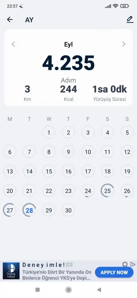 9492 adim 949 puan kusurati sevmem ama uyuyakaldim yorgunluktan
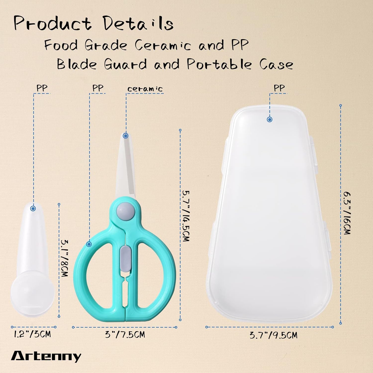 [Ceramic Baby Food Scissors]: Made of premium quality Ceramic. Never rust, easy to clean, no metallic taste and smell, and protect the taste of food
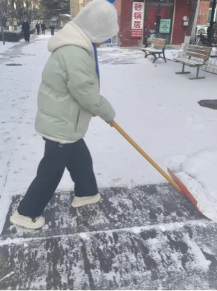 现场分工协作、配合默契:有人挥舞铁锹,铲雪破冰;有人手持扫帚,清扫路面;还有人负责将积雪搬运至指定区域。寒风很快吹红大家的脸颊,雪水浸湿衣衫,却无人停下手上的动作。
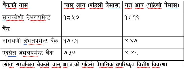 बैंकहरुले स्वयम्ले सार्वजनिक गरेको चालु आर्थिक बर्षको पहिलो त्रैमासिक अर्थात् असोज मसान्तसम्मको वित्तीय विवरणलाई आधार मान्ने हो भने पनि क्षेत्रियस्तरका तीन वटा विकास बैंकहरुमा खराब कर्जा निकै नै उच्च देखिएको छ । गत आर्थिक बर्षको पहिलो त्रैमासको तुलनामा चालु आ.व.को पहिलो त्रैमासमा यी तीन वटा बैंकहरुमा खराब कर्जा निकै नैं बढेको छ ।
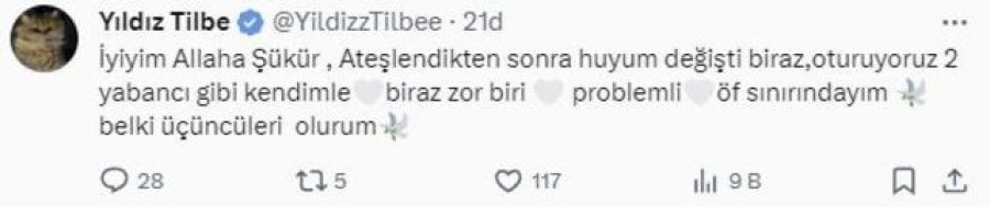 Daha sonra sosyal medya hesabından açıklama yapan Tilbe, "İyiyim Allaha Şükür. Ateşlendikten sonra huyum değişti biraz,oturuyoruz 2 yabancı gibi kendimle. Biraz zor biri, problemli, öf sınırındayım, belki üçüncüleri olurum." paylaşımıyla sevenlerini rahatlattı.
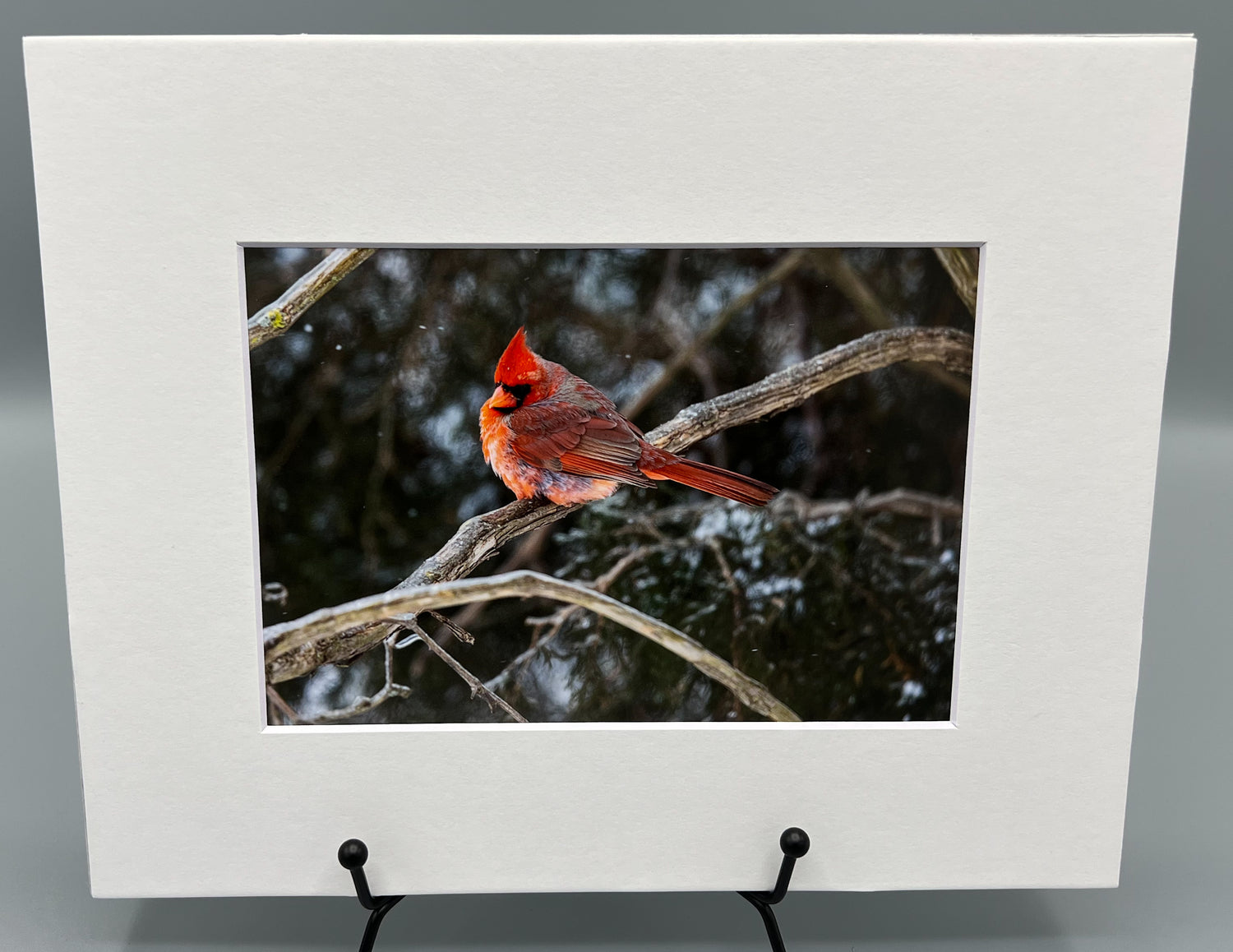 This stunning matted print featuring a pigmented cardinal perched on a tree will be a focal point in any room. The high-quality photographic image showcases the detailed texture of the ice surrounding the tree and the beauty of the red bird perched in the center.
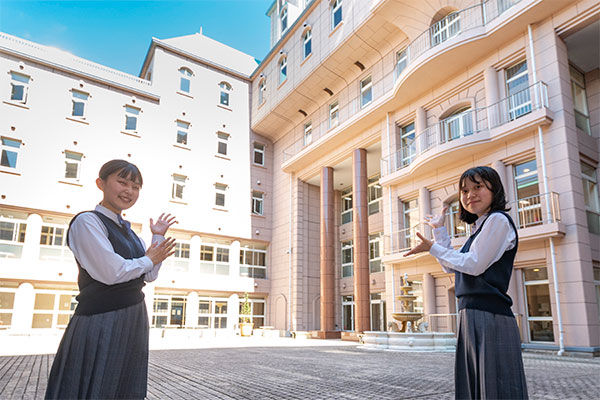 2021年に創立90周年を迎える江戸川女子高等学校。英国のお城をイメージした校舎には、アリーナやスタジオ、武道場として使用されるクラブハウスなど体育活動をサポートする施設や、書斎をイメージした自習室、オンライン英会話レッスンができる演習室など、多彩な教室があります。2022年には90周年を記念した西校舎が完成。来年度、この校舎で学ぶ高2生たちがキャンパスを案内してくれました。
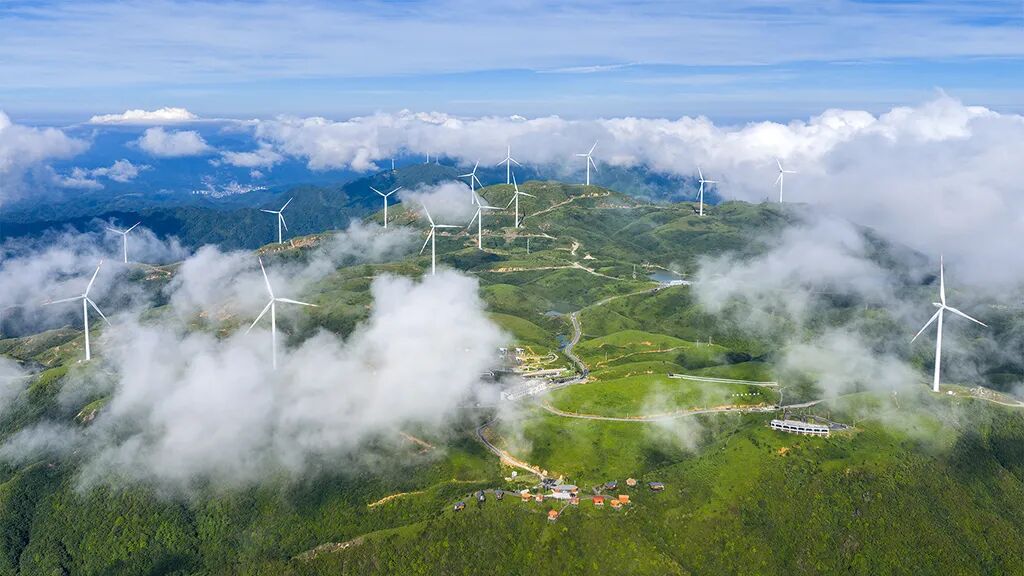 桂东万洋山,巨大的风车在翻涌的云海中若隐若现。
---*---
• WORK TO BE COMPLETED: Transcribe exactly the lines running from the line with "2021年に創立90周年を迎" to the last line of the entries. Pictures stay out of the copy.

• RESULT BELOW:
 2021年に創立90周年を迎える江戸川女子高等学校。英国のお城をイメージした校舎には、アリーナやスタジオ、武道場として使用されるクラブハウスなど体育活動をサポートする施設や、書斎をイメージした自習室、オンライン英会話レッスンができる演習室など、多彩な教室があります。2022年には90周年を記念した西校舎が完成。来年度、この校舎で学ぶ高2生たちがキャンパスを案内してくれました。
 桂东万洋山,巨大的风车在翻涌的云海中若隐若现。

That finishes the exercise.